There’s a great scene in the movie Serenity by Joss Whedon, whether Shepherd Book is talking to Mal about belief. Book tries to get Mal to understand that belief in oneself and belief in other human beings is the only way that he will survive the oncoming story (I don’t want to spoil it too much). For a long time in my life I have lacked belief in myself. I’ve always tried to find belief in others, rather than putting that trust in myself. The world will get better, people will be better. My trust has historically been given out to other people, as I always felt I could not have faith in myself, my capacity for change and growth. I’ve always wanted to help people, and believe that they would come through for me. Having this belief in others is not bad. In fact, when you believe in others they tend to reward you for your faith in them. The problem was externalizing my belief as opposed to also internalizing it.
This changed about 2 weeks ago. On New Years I was having a conversation with someone who told me I was attractive. Now that doesn’t sound like some life-changing moment, but it was. It was life changing, because I have never considered myself, good, or attractive. In fact, I had constantly been told the inverse. I was always told I was unnattractive. To think about it, its actually kind of sad how much of my life has been put into self-loathing because I let other people dictate what I thought of myself. This idea of self-denial has been my own creation, my own choice for its continued occupation of my brain. I know it sounds unmodest (and our society seems to hate any form of self-pride) but I am me and that person is great. I realized that I had spent so much of my life beating myself down, that I let myself live vicariously through others.
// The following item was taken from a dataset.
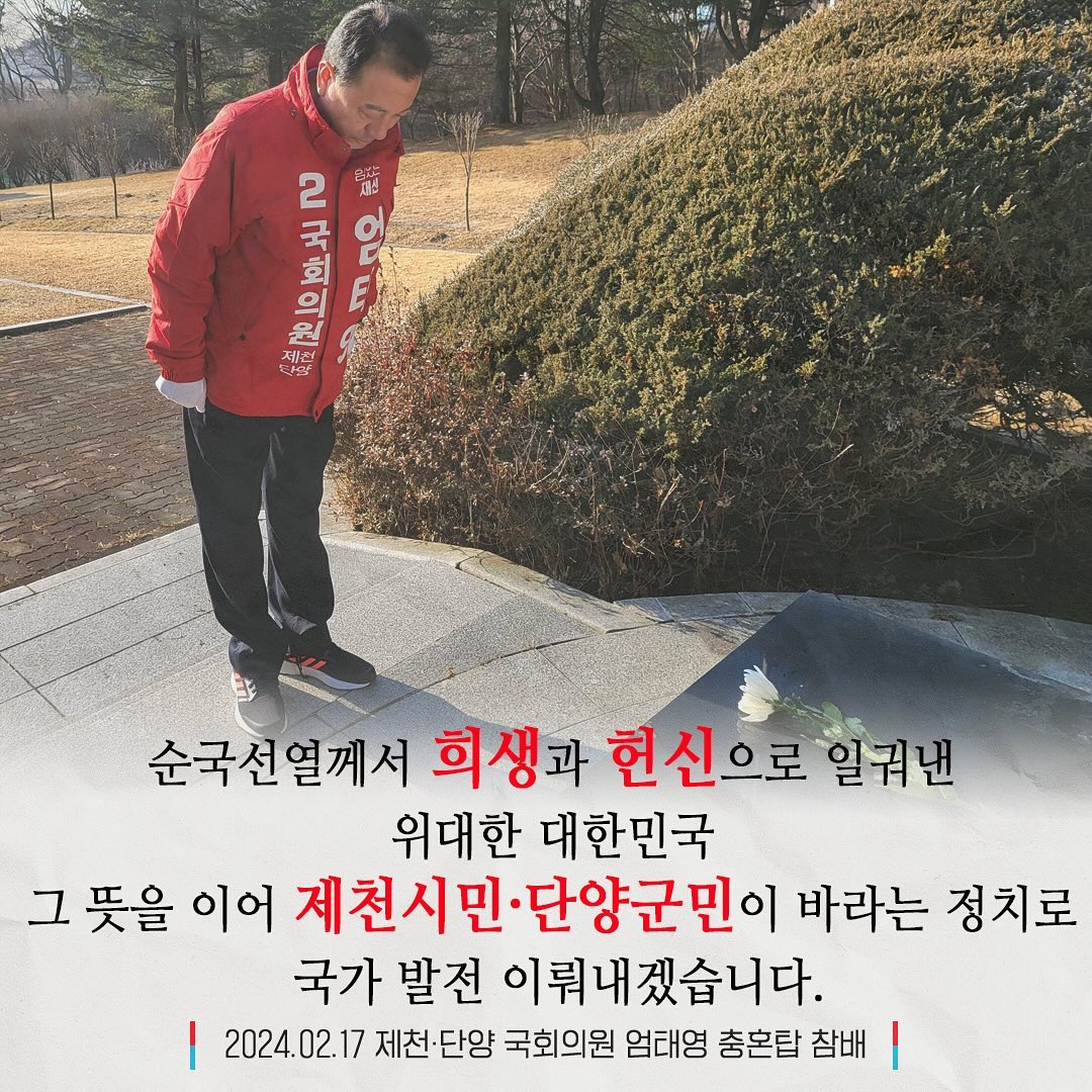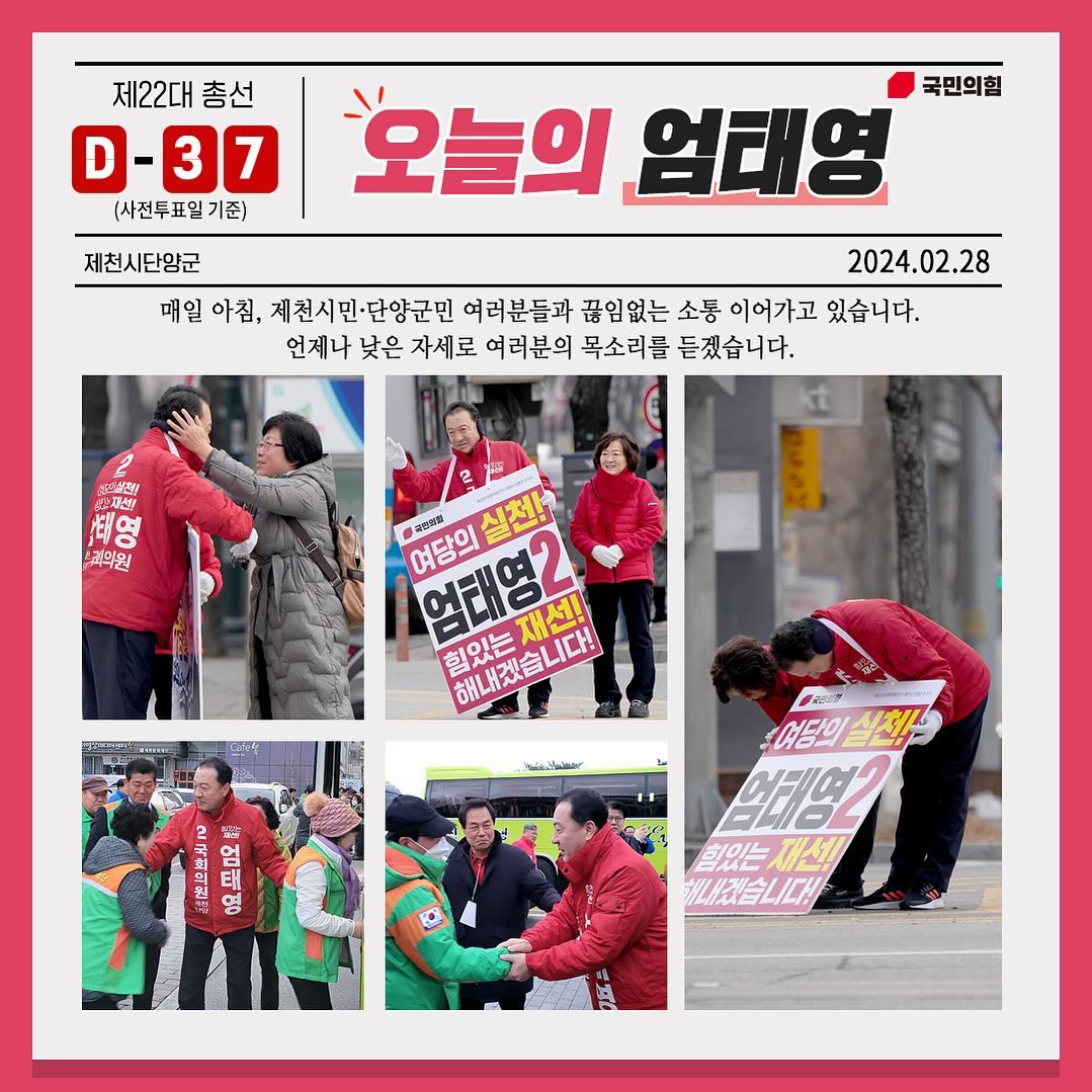 엄 의원은 제천·단양 주민들의 염원인 충북선 고속철도 제천역 경유, 수서(강남)-제천·단양 신중앙선 연결 사업, 수도권 공공기관 제천·단양 이전 등 대형 국책사업들이 차질 없이 추진되기 위해 풍부한 네트워크와 경험을 활용하겠다고 밝혔습니다. 또한, 엄 의원은 제21대 국회에서 국토교통위원회, 윤리특별위원회, 예산결산특별위원회의 위원으로 활동하였으며, 국민의힘 원내부대표를 역임하였습니다. 그는 지역 경제 활성화와 국민 복지 향상을 위한 정책을 추진하는 데 주력하고 있습니다

One small thought can be a paradigm shift, a new way to examine yourself. Ever since that night, I have been sifting through the possibility of recreation, of a person with more self-confidence than before. Belief doesn’t always have to be outside of you. You don’t have to look to some deity for belief. I know its cheesy, but looking inside of yourself, and realizing you’re an awesome person and that’s something to be proud of is part of the existential journey, the beginning of being responsible for yourself, and shaping the world you want to live in. Part of this blog, and it’s creation, will always be a homage to that moment on New Years. The first time I realized I needed to put out, not for someone else but for myself.